Malani, Anurag N. MD; Aronoff, David M. MD
Division of Infectious Diseases, Department of Internal Medicine, University of Michigan Health System, Ann Arbor, MI.
Supported by the National Institutes of Health Grant HL078727 (D.M.A.).
Address correspondence and reprint requests to David M. Aronoff, MD, The University of Michigan Health System, 5220-D MSRB III, 1150 W. Medical Center Drive, Ann Arbor, MI 48109-6400. E-mail: email@example.com.
Anti-tumor necrosis factor alpha (TNF-α) therapy has been associated with an increased risk of granulomatous infections. We present a case of osteomyelitis and soft tissue abscess caused by Pseudomonas aeruginosa following the use of etanercept, a recombinant protein composed of the TNF-α receptor fused to human immunoglobulin (IgG). The patient recently developed P. aeruginosa osteomyelitis of the left femur 7 months after starting etanercept therapy for rheumatoid arthritis. The infection developed in an area of retained shrapnel deposited traumatically during the Vietnam War. Etanercept was withheld and the patient improved after medical and surgical therapy. Although it is possible that retained shrapnel fostered a dormant infection that was reactivated by pharmacological immunosuppression, an occult transcutaneous or bacteremic inoculation could not be ruled out. Patients receiving anti-TNF-α therapy may be at increased risk of common bacterial pathogens such as Pseudomonas, leading to severe bone and soft tissue infections.

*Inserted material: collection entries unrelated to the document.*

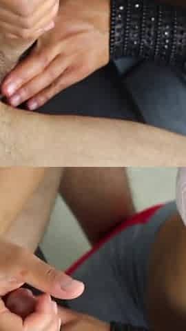 Make him cum hard with the most excellent tugjob and feetjob
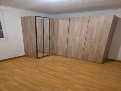 Un couloir desservant trois chambres et une salle de bain.
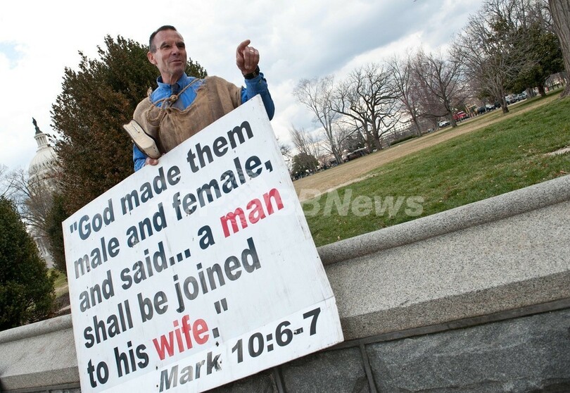 米国では9つの州と首都ワシントンD.C.(Washington D.C.)で同性婚が認められている。賛成派の間には最高裁の判断によって同性婚が全米で認められるようになって欲しいという声がある一方、反対派は各州の議会の判断に委ねるべきだとしている。(c)AFP/Chantal Valery and Robert MacPherson
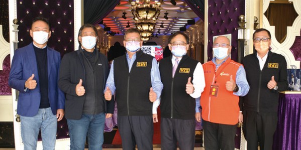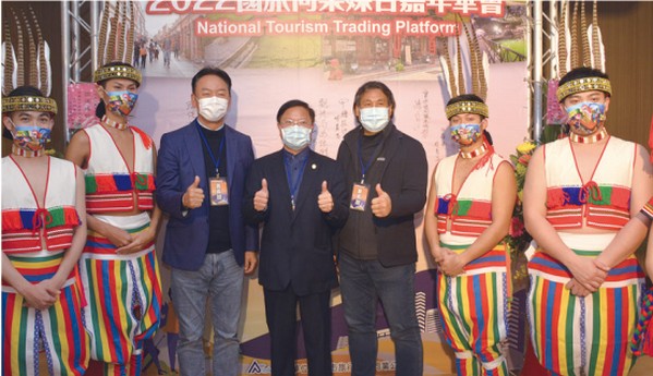 ▲(左3起)台灣入境旅遊協會理事長王全玉、西拉雅國家風景區管理處處長徐振 能、旅行社聯保聯誼會理事長朱永達,參加2022國旅同業媒合嘉年華會。
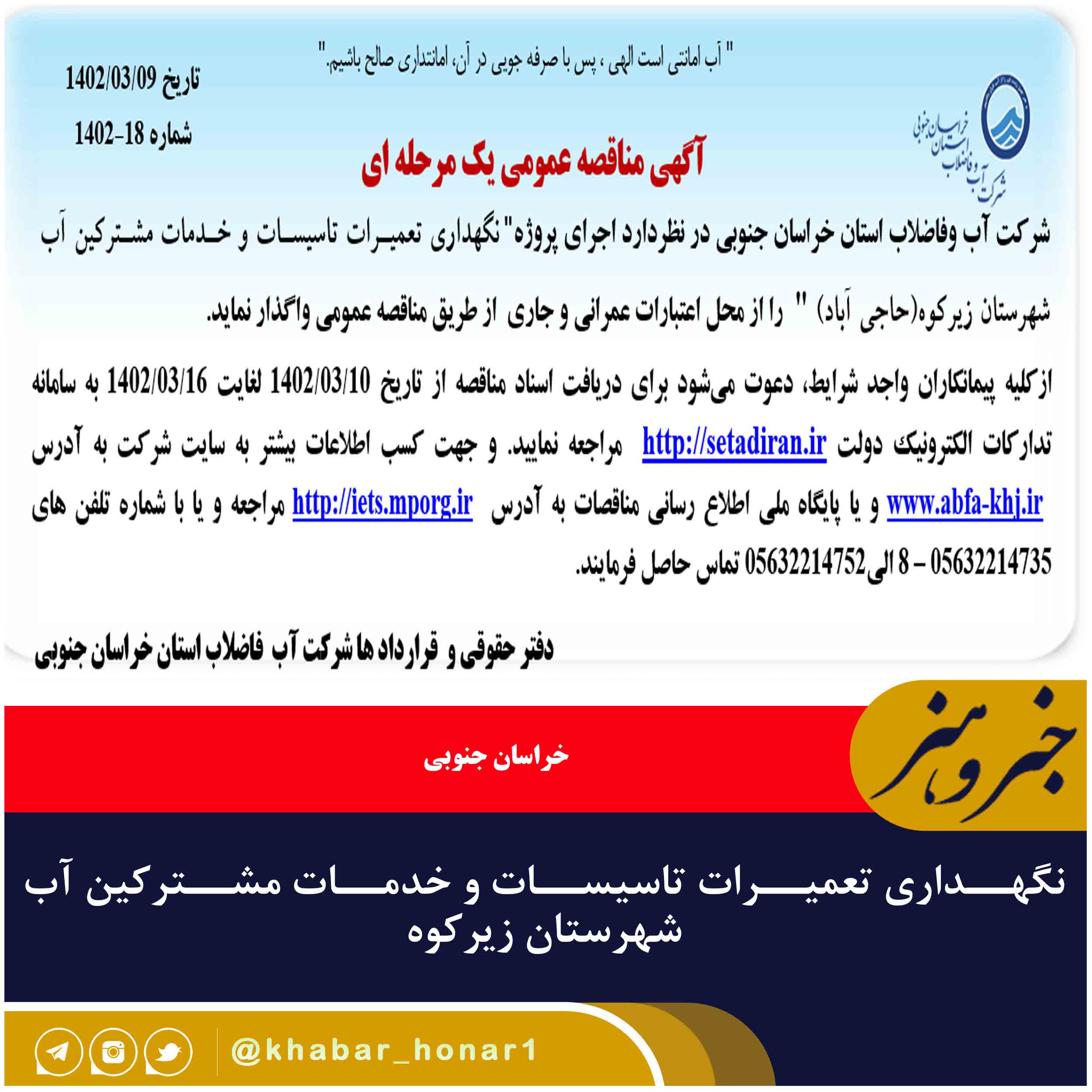 شرکت آب وفاضلاب استان خراسان جنوبی در نظردارد اجرای پروژه“ نگهداری تعمیرات تاسیسات و خدمات مشترکین آب شهرستان زیرکوه(حاجی آباد) ” را از محل اعتبارات عمرانی و جاری از طریق مناقصه عمومی واگذار نماید.
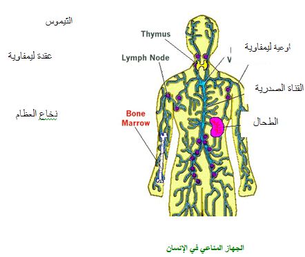 يتألف جهاز المناعة من خلايا الدم البيضاء ومن الاعضاء ألليمفوئيديّة.

Targeted anti-tumor necrosis factor α (TNF-α) therapy is an important advance in the treatment of autoimmune diseases, including rheumatoid arthritis.1 There are 3 TNF-α sequestering agents that have been approved by the US Food and Drug Administration for clinical use: infliximab, a chimeric monoclonal anti-TNF-α antibody; etanercept, a recombinant human protein composed of the human TNF-α receptor fused to human immunoglobulin (IgG); and adalimumab, a human monoclonal anti-TNF-α antibody. It is estimated that more than 500,000 individuals have received one of these agents.2
With the increasing use of these medicines, it has become clear that the selective blockade of TNF-α is associated with a reduced host response to certain infections, particularly granulomatous infections caused by fungal and mycobacterial pathogens.2,3 The degree (if any) to which anti-TNF-α therapy increases the risk of infection by routine bacterial pathogens remains unclear.4-6 Recently, 2 cases of Pseudomonas aeruginosa infection were reported in patients receiving anti-TNF-α drugs.4,5 We now report a complicated P. aeruginosa bone and soft tissue infection in a patient who, years earlier during the Vietnam War, experienced a complicated shrapnel injury in the same anatomic location that possibly served as the source for the present infection.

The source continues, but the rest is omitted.